Claro, esta teoría –de que si uno quiere ser capaz de escribir algo, uno debería saber cómo es escrito—tiene su lógica. Nos obliga primero a leer, luego a copiar lo que uno lee –entender la presentación de alguien más para poder re-presentarlo. En términos de arte, sin embargo, esto es similar a decir que uno tiene que ver primero al modelo para poder copiarlo. Ahora, la construcción lógica se vuelve menos persuasiva. Esto no es necesariamente malo, en la medida que uno realmente quiere copiar el modelo, o la necesidad para copiar el modelo tiene sus fundamentos. En esencia, si no existe una necesidad comprobada, la construcción lógica deja de serlo –se convierte en dogma disfrazado de lógica.

Esta teoría establece primero, que el modelo merece ser copiado, segundo, de que hay mérito al hacer una copia razonablemente fiel, y tercero, que este proceso es útil para preparar al artista a producir arte. Esta idea es un lastre que se carga desde el siglo XIX, y su relevancia hoy en día es muy cuestionable.
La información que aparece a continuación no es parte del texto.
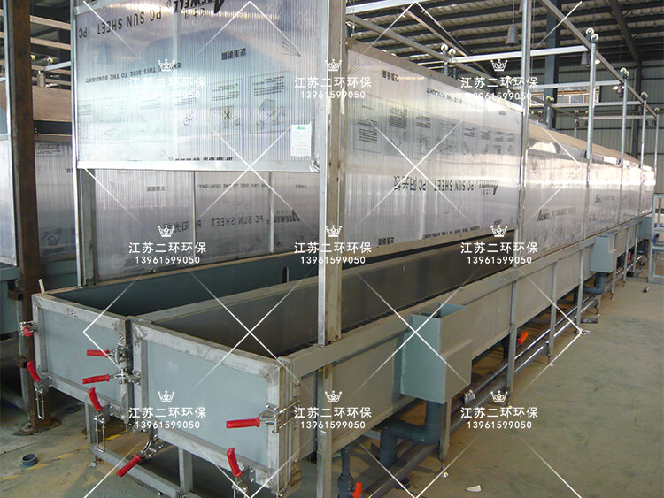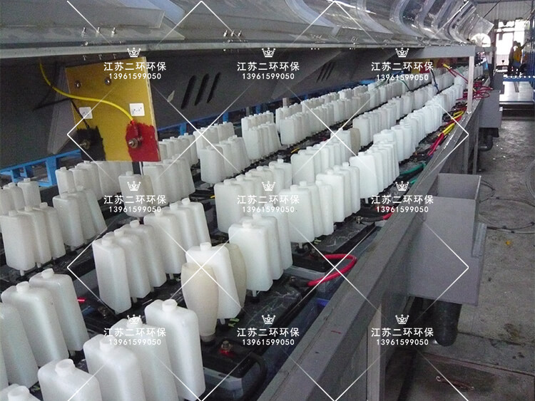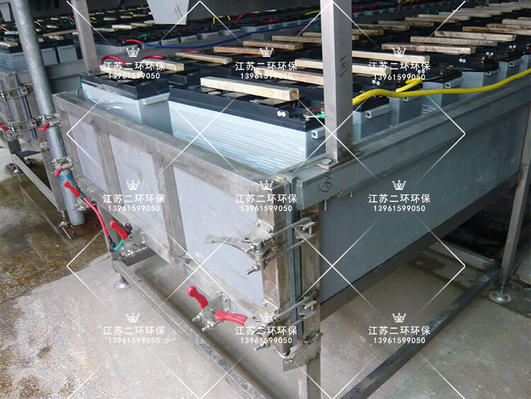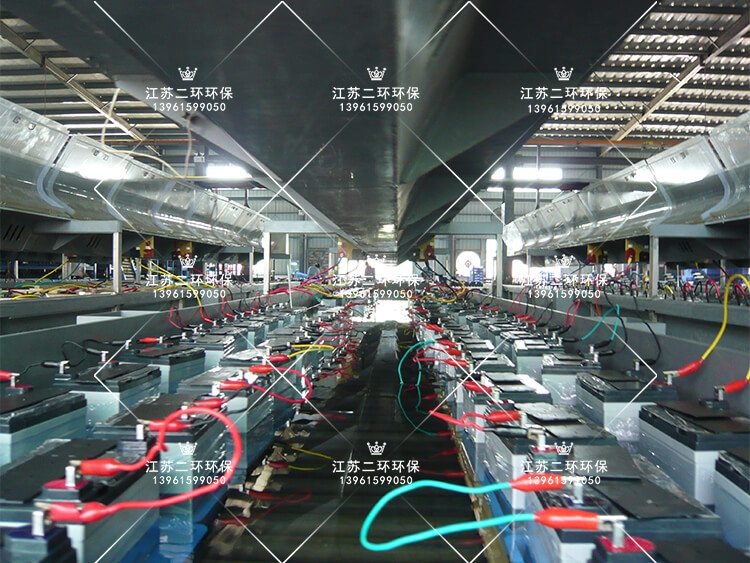 電池化成線,又稱為電池外內化成酸霧回收裝置。電池內化成充電過程中,加酸通電發生化學反應,生成鉛氧化物活性物質。整個系統有酸槽、酸霧吸罩,酸霧風管、酸霧凈化塔構成。類似酸洗槽、磷化槽、電解槽裝置。

Un artista, entonces, tiene que preguntarse si los problemas planteados en la actualidad por la alfabetización no necesitarían aproximaciones más novedosas y contemporáneas. ¿Existe acaso un análisis de estos problemas, informado por las actitudes que extrajeron el arte del siglo XIX y lo llevaron al siglo XX? En otras palabras, ¿es la alfabetización una herramienta para ayudar a la presentación o re-presentación? ¿Dónde está localizado el poder? ¿Se le otorga al alfabetizado potencial o se encuentra en el sistema que quiere que sea alfabetizado?
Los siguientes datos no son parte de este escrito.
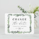 folhas aquarela floral mudar a data cartão. Com belas folhas de aquarela e tipo moderno e ousado, este convite para mudar a data está na moda e é perfeito para qualquer época. Parte de um conjunto de casamento

Uno tiende a hablar del arte como un lenguaje. En algunos casos, incluso se describe como un lenguaje universal, una suerte de Esperanto, capaz de trascender cualquier frontera nacional. Como lenguaje universal, y enfatizando universal, el arte sirve a los intereses de la colonización y expansión de un mercado del arte. La noción del arte como lenguaje simple, sin embargo, subraya una noción de ésta como una forma de comunicación. En este caso, el poder no se le otorga al mercado, sino a aquellos que se están comunicando.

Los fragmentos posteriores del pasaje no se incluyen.